Hacker News new | ask | show | jobs
by Initial_BP 1341 days ago
Not sure about the current state of the actual ML, but compared to other self driving companies Tesla has a treasure trove of data because they have so many vehicles on the road at all hours of every day. The edge cases are the parts that are hard to identify and solve so having all that drive time data to identify edge cases would seem to give them a big advantage.
2 comments

Most self-driving is about avoiding collissions, and signalling intent, especially when streets are narrow and there's merging or shared use. The physics of cars, people, bikes and kids around roads are well understood (acceleration, velocity). This can be simulated, and a game engine can generate data for virtual sensors to be trained. There's no reason to require time on the road.
But you'll never be able to come up with all of the possible scenarios to simulate. What Tesla has demonstrated is creating virtual scenarios where they can dynamic adjust all factors (light, weather, traffic, etc) and base them off real world situations they've encountered where their Model failed.
Maybe not manually, but surely you could develop an adversarial ML model that quickly and concurrently tests scenarios.
What data is that model based off? Tesla has the data based on real world failures to build that model. Does anyone else?
You can't discount all the data they Waymo has collected over nearly a decade or the scenarios they've manually created. They also have the world's most complete map and spatial dataset, which could easily be extended to create a model that creates tricky roadways. Stimulating obstructions or hardware failures doesn't require very much data at all.

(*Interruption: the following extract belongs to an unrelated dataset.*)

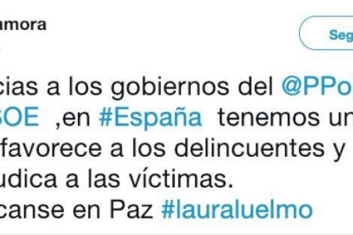 Y, pese a eso, la rama de la formación en Zamora ha lanzado un tuit con el que trata de sacar rédito del asesinato en Huelva de Laura Luelmes, zamorana desplazada a Andalucía como profesora. Desde la cuenta del partido en Twitter, se publicó en la tarde de ayer n mensaje con una fotografía de la fallecida, más la frase: "Gracias a los gobiernos del @PPopular y @PSOE ,en #España tenemos una ley que favorece a los delincuentes y perjudica a las víctimas. Descanse en Paz #lauraluelmo". O sea, con las mujeres asesinadas cuando la ola de dolor está en el máximo, pidiendo cambios penales como la introducción de la prisión permanente revisable, pero denostando de fondo la batalla por la igualdad, por acabar con el miedo de la mitad de la población.

If you are modeling scenarios like a game engine, a "discriminator" model isn't necessary: you just check whether a simulation doesn't result in a crash.

I'm not discounting their data, I just think Tesla has so much more. If you were looking at just those opted into the FSD Beta you have a larger fleet actively running the model with feedback loops capturing every failure. But cars without FSD are still running the model and capturing data as well.
If the data doesn't have the details required to build accurate models, then the data is just costing Tesla money. Since Tesla's are just cameras only, with telemetry, they can replay scenarios with existing roads, but what happens when someone cones off half of the road?
I imagine they have a way to replay incidents from their cars in a simulation and even if it's not super accurate, they could likely look at camera data and rebuild a similar situation (Sim or real life to identify and test the edge case)

I work at another autonomous car company (as a security engineer not ML related work) and I know we have a Lot of simulated situations that we run the ML against and add more from situations collected from actual driving.